Introduction
Every LLM ecosystem now has at least one framework promising to make agents easier to build, and every framework post either oversells the abstraction or dismisses it outright. Neither is useful. The only honest way to evaluate a framework is to build the same thing twice — once on the vendor's raw SDK, once on the framework — and compare what each version actually cost you and actually gave you back.
This post builds the small tool-using agent from Building Agentic Workflows in Python twice: once directly on the Anthropic SDK, once on LangChain — a Python framework for models, tools, and agent loops built on top of LangGraph, its lower-level orchestration runtime. We'll also touch the RAG pipeline from RAG From Scratch in Python — retrieval is exactly the kind of component a framework's tool abstraction is built to wrap. The goal isn't to crown a winner; it's to give you a way to make this decision for your own project instead of inheriting someone else's blog-post conclusion.
The Agent We're Building Twice
To keep the comparison fair, both versions get the identical agent: one system prompt, two tools, one user turn, running until the model stops asking for tools.
-
get_weather(location: str) -> str— the same illustrative weather lookup from the agentic-workflows post, so the tool-calling shape lines up exactly with what you've already seen built by hand. -
calculate(operation, a, b) -> float— a second tool with a constrained, whitelistedoperationargument ("add" | "subtract" | "multiply" | "divide") rather than a free-text expression.
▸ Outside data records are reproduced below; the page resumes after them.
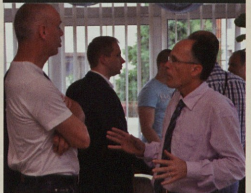
Zdene, kaj nisem rojen poslanec?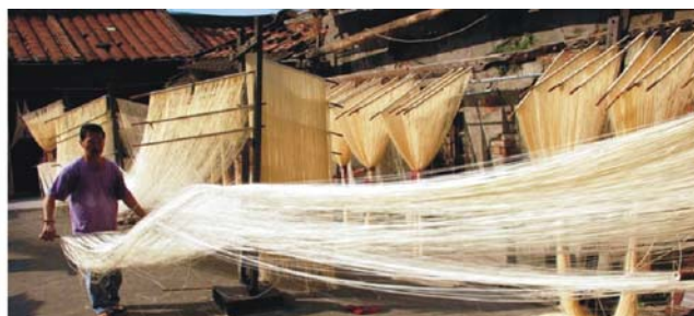
Lungshan Tempel in der Altstadt von Lukang und handgemachte Reissnudeln (hier die Trocknung an der Luft)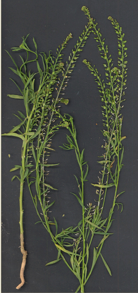
Fig. 2. Lepidium ruderales , recolectado en Buñol (Valencia)

No aparece indicada esta especie en la provincia, ni en el BDBCv ni en el vol. 1 de Flora Valentina . Lo cierto es que la población, aunque bien asentada, lo hace en una zona recientemente removida para infraestructuras deportivas.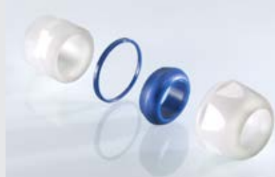
Abb. 2 Fig. 2

Polyamid Inkl. Unterlegscheiben Metrisches Gewinde EN 60423 Schutzart IP 68 bis 15 bar, IP 69K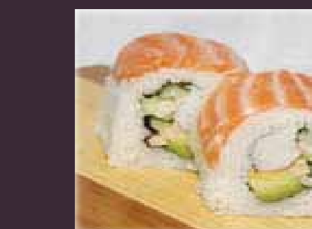
Sake roll o.a. zalm, krabstick, avocado (1st.)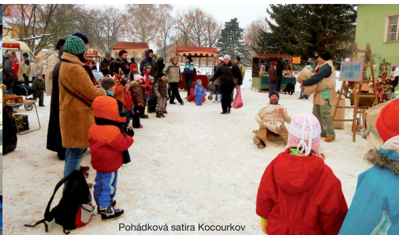
Pohádková satira Kocourkov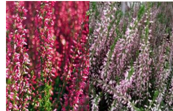
カルーナ (つつじ科)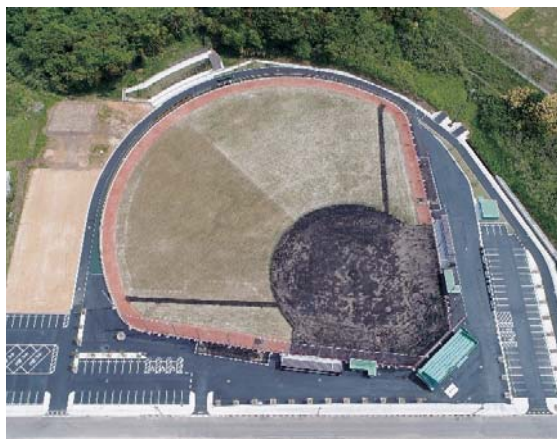
▲青のまち松浦スタジアム

This is deliberate: it's the "neverevala model-supplied string" lesson from the agentic-workflows post, made concrete as a schema choice instead of a runtime check.
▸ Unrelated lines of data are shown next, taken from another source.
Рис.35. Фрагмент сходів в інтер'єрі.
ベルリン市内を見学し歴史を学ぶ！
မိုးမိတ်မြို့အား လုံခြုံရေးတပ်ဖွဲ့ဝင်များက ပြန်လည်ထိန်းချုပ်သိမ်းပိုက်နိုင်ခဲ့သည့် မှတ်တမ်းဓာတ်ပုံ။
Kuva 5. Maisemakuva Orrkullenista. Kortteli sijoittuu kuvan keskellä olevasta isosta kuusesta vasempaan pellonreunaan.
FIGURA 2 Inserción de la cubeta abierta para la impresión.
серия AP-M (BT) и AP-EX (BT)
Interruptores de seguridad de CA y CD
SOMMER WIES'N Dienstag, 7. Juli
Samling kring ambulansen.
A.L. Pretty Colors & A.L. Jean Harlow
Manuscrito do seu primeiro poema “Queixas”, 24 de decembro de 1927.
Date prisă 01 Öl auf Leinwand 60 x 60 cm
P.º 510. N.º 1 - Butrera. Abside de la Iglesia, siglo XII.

Both tools are defined once and reused unchanged across every version below — the frameworks differ in how they turn a Python function into something the model can call, not in what the agent does.
from typing import Literal
from langchain.tools import tool
@tool
def get_weather(location: str) -> str:
"""Get current weather for a location.
Args:
location: City and state, e.g. San Francisco, CA.
"""
return f"Sunny, 72°F in {location}"
@tool
def calculate(operation: Literal["add", "subtract", "multiply", "divide"], a: float, b: float) -> float:
"""Perform basic arithmetic on two numbers.
Args:
operation: One of "add", "subtract", "multiply", "divide".
a: The first operand.
b: The second operand.
"""
if operation == "add":
return a + b
if operation == "subtract":
return a - b
if operation == "multiply":
return a * b
if operation == "divide":
if b == 0:
raise ValueError("Division by zero")
return a / b
raise ValueError(f"Unknown operation: {operation}")
@tool here is LangChain's decorator (from langchain.tools import tool) — but notice the function itself is plain Python with type hints and a docstring; that part would be identical if you never installed LangChain at all.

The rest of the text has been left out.